1 現在、自然公園法に基づき県に提出されている熊野鉱山の開発届について、知事は、「当該地域の土砂が辺野古埋立てに使われることは、悲惨な戦争を体験し、多くの犠牲者を出した県民の心を深く傷つけるものであり、到底認められない」と表明したが、上記開発届に対しどう対応するのか明らかにすること。

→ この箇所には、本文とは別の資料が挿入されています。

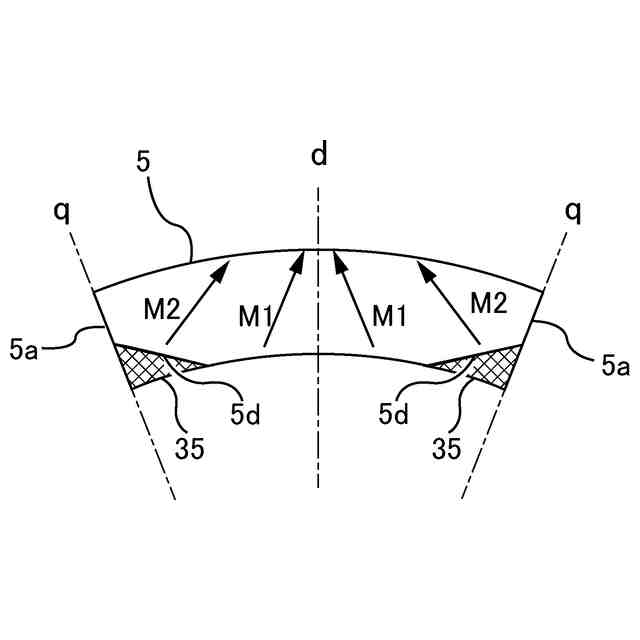 前記複数の磁化容易軸は、d軸に近い第1磁化容易軸と、q軸に近い第2磁化容易軸を含み、前記第2磁化容易軸のq軸に対する角度は、前記第1磁化容易軸のd軸に対する角度よりも大きく、
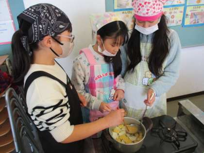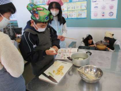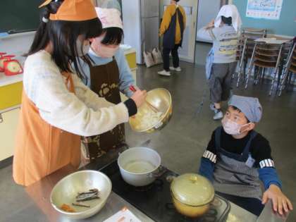 今日の家庭科では、調理実習を行いました。1・2学期に行った田植え、稲刈り体験の際にいただいた4種類のお米を炊いて、食べ比べたり、煮干しからだしを取って味噌汁を作ったりしました。楽しみながら班で協力して進めることができましたね!!

2 県は2月末から熊野鉱山での遺骨収集作業に着手しており、今後の遺骨収集作業の予定を説明すること。また、一通りの遺骨収集作業を行ったとしても小さな骨はどうしても取り残されてしまう。同作業が終わったとして鉱山開発が始まれば、県の遺骨収集作業は結果として業者に協力したものとなってしまう。遺骨収集作業が終わったとしても熊野鉱山の開発を認めないこと。
3 沖縄戦跡国定公園に指定されている熊野鉱山周辺の一帯は、「緑のつながりが織りなす豊かな風景」が続いており、しかも魂魄の塔、東京の塔、シーガーアブ等の戦跡にも近く「歴史の風景として保全を図る必要がある」地域である。自然公園法第33条2項の「風景の保護」には、単なる景観としての風景だけではなく、こうした「歴史の風景」も含まれていることから、知事は、同法に基づき一帯の風景を保護するために熊野鉱山の開発行為の禁止を命じること。